In fact, they’re not about the past at all, and they never were.

In Charlottesville, Va., last month, a crowd led by white supremacist Richard Spencer carried torches to protest the planned removal of a statue of Robert E. Lee. They weren’t there to honor Lee’s tactical brilliance at the Seven Days’ Battles, or salute the great heart of his warhorse, Traveller. They were there to flaunt their fear and hatred of their non-white neighbors. “What brings us together is that we are white, we are a people, we will not be replaced,” Spencer told the crowd, which chanted in response, “You will not replace us.”

This is not a fight over history; it is a fight over the future. The neo-Confederate faith is not a heritage; it is a political program. And the proper lesson of Southern history is that this radical message—unapologetic, uncompromising, violent white supremacy—lurks in the American bloodstream like a virus, re-emerging at times when the national immune system is weak.

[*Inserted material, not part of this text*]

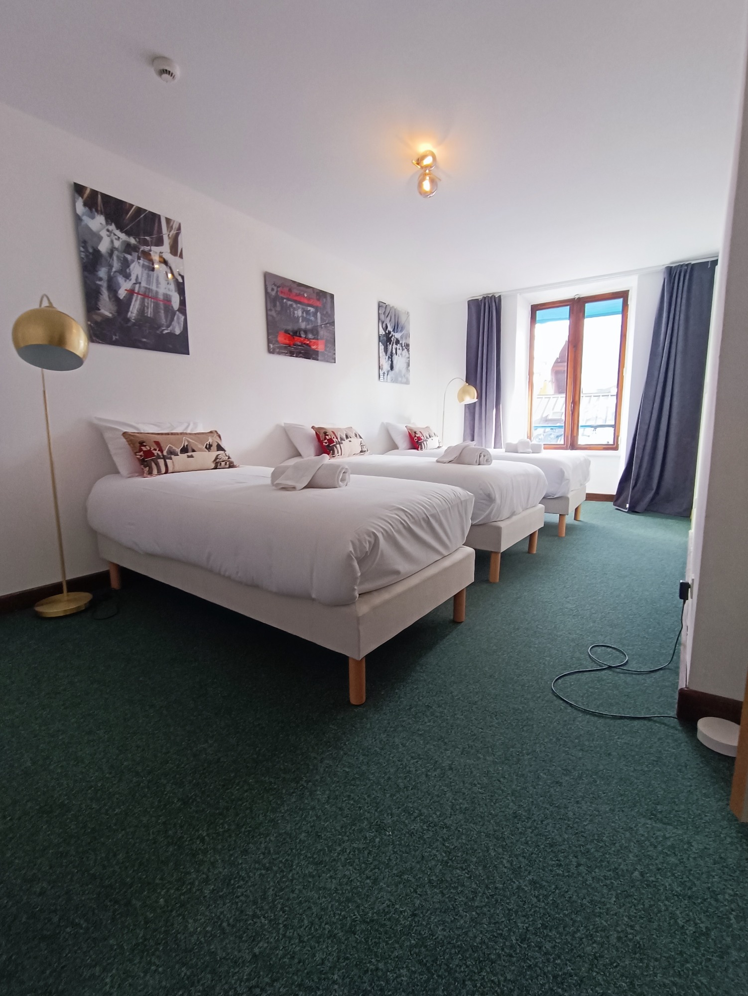Découvrez notre suite d'hôtel climatisée et spacieuse, comprenant une chambre double, une chambre triple et une salle de bain privée. Profitez également d'une télévision et du wifi gratuit pour un séjour confortable à Bourg Saint Maurice - Les Arcs
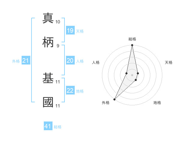 真柄 基國さんの外格は21画の5点!

We may be living through an outbreak.

To survive and prosper, the South, and the nation, must renounce this pernicious creed and disarm its symbols. The bronze and marble men do no honor to the region’s true parents; they do, however, dishonor its children.

One way or another, they must yield their unearned pride of place.

Garrett Epps teaches constitutional law and creative writing for law students at the University of Baltimore. His latest book is American Justice 2014: Nine Clashing Visions on the Supreme Court.